Форестер, с интересом глядя на бледно-зеленые листья, которые находились в сумке, спросил:
– Что это?
– Листья коки, – ответил Родэ. – Они нам помогут, когда мы пойдем через горы.
– Кока? – переспросил Форестер, ничего не понимая.
– Да. Проклятие Андов. Из нее добывают кокаин. Это то, что всегда было гибелью для индейцев. Кока и "огненная вода". Сеньор Агиляр, когда придет к власти, намерен ограничить выращивание коки. – Он улыбнулся. – Полностью запретить ее ему будет не под силу.
– Но как же она нам-то поможет?
– Посмотрите, нет ли тут другой такой же сумки.
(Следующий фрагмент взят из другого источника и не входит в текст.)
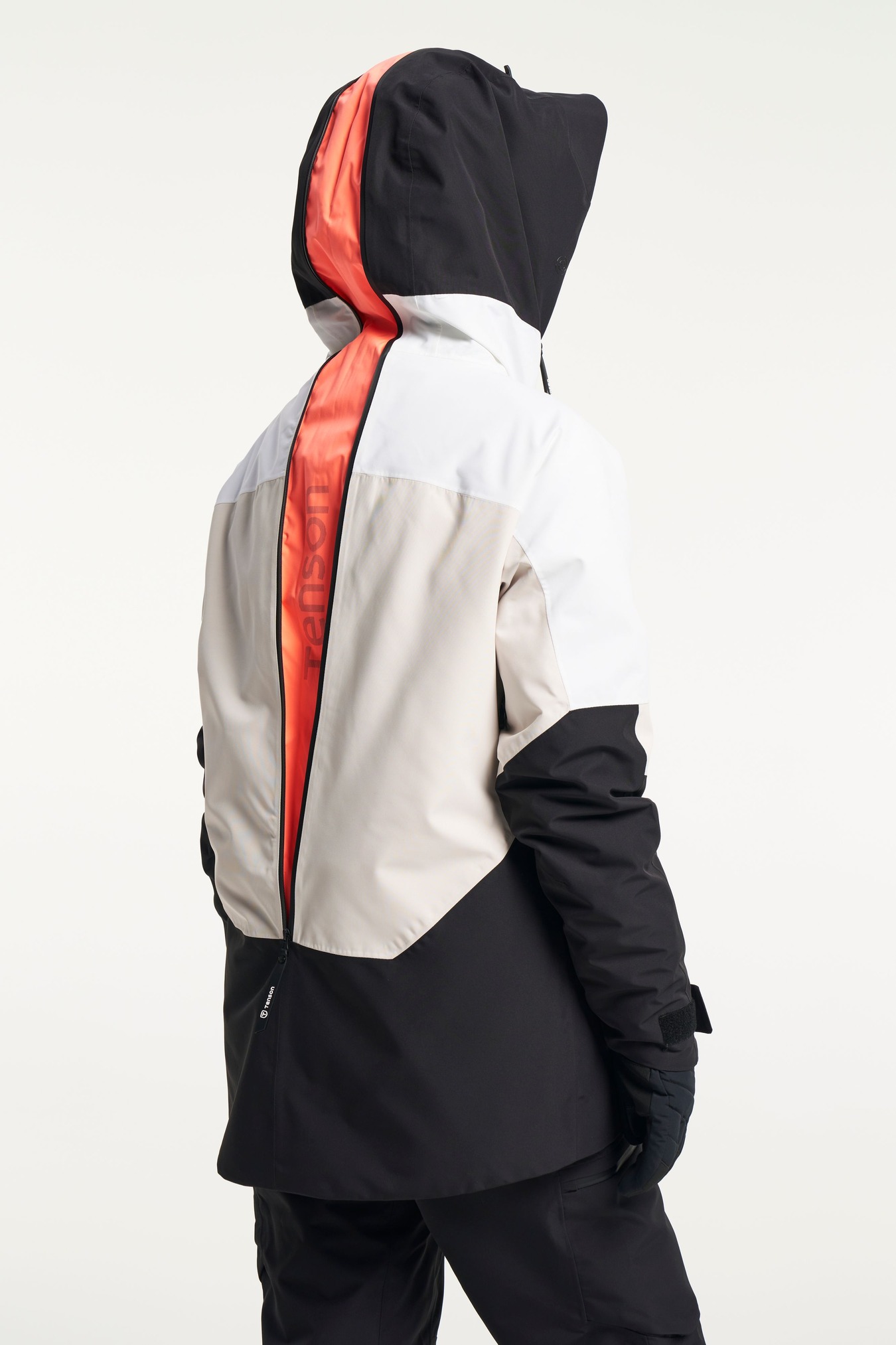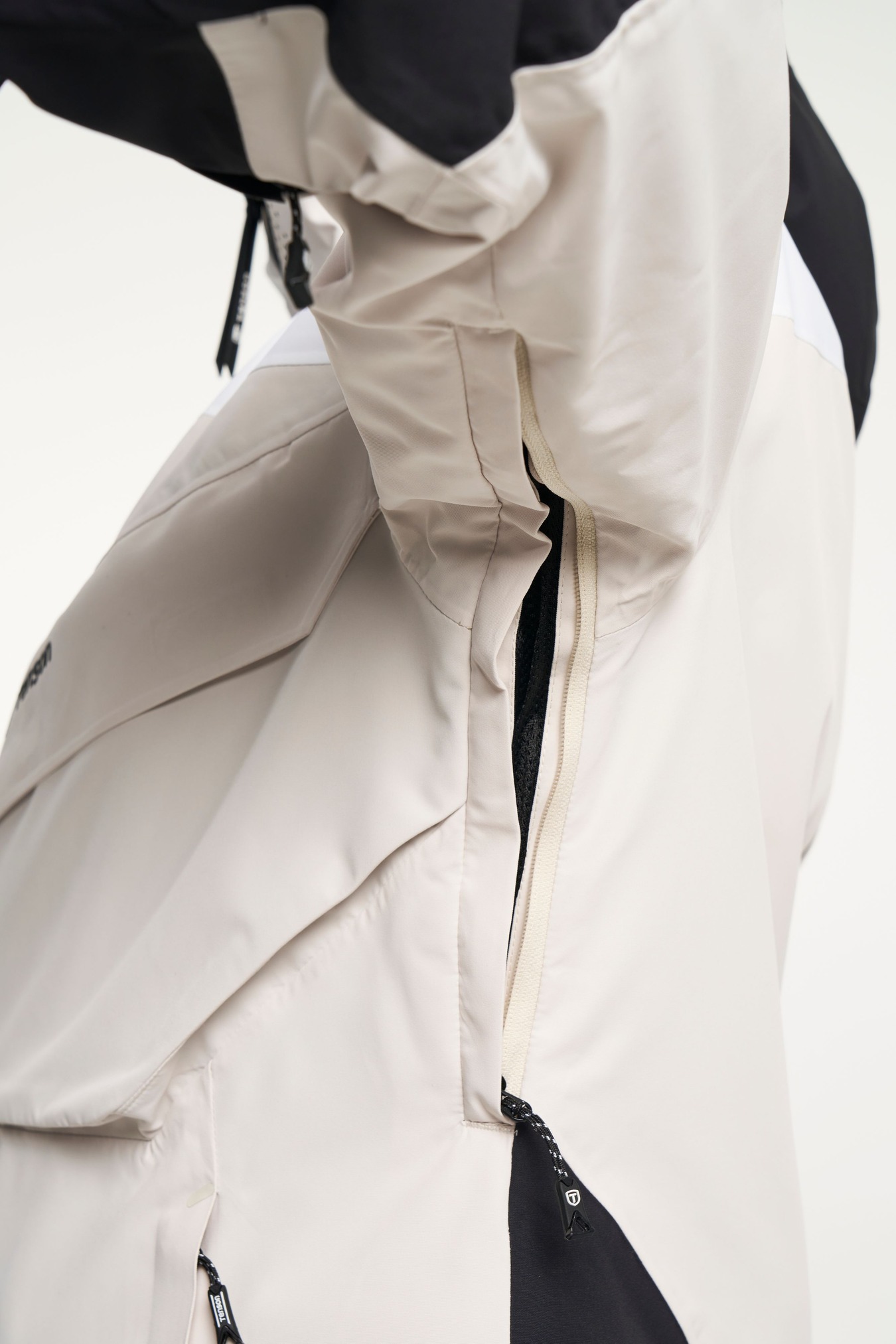 Freeride skiing conditions can vary tremendously, from extreme sub-zero, windy mornings to sunny and war- mer afternoons. With this in mind we’ve made sure our Freeride collection is versatile, adaptable, lightweight and durable to provide you with all-round comfort and protection from the elements. The Aeron Ski Jacket has a unique zip functionality in the back featuring neon details for high visibility to fit back protectors and an expandable hood that fits over your helmet. The jacket is wind and waterproof with sealed seams to be able to handle long days out in the snow and is wind- proof to withstand strong winds and high speeds on the slope. The insides of the collar and pockets features fleece to keep your hands warm and comfortable. The main zip construction is a two-way zip that can be ope- ned from the bottom.

В ней должно быть белое вещество, – сказал Родэ. – В славные времена инков коку употребляло только сословие благородных. Царским посланникам также разрешалось жевать коку, чтобы поддерживать тонус и быстро бегать. А теперь ее жуют все индейцы – она дешевле еды.
– Но она ведь не заменяет еду?
– Нет, но оказывает своеобразное анестезирующее воздействие на ткани желудка. Человек, чтобы заглушить муки голода, с охотой идет на это. Кроме того, кока – это наркотик, действующий успокоительно, расслабляюще. Иллюзорно, конечно.
– Вы вот это искали? – спросил Форестер, держа в руках еще одну сумку. Он высыпал из нее немного белого порошка. – Что это?
– Известь, – сказал Родэ. – Коку употребляют в смеси с ней. Пока сеньор Виллис будет вводить нас в курс дела, я приготовлю снадобье.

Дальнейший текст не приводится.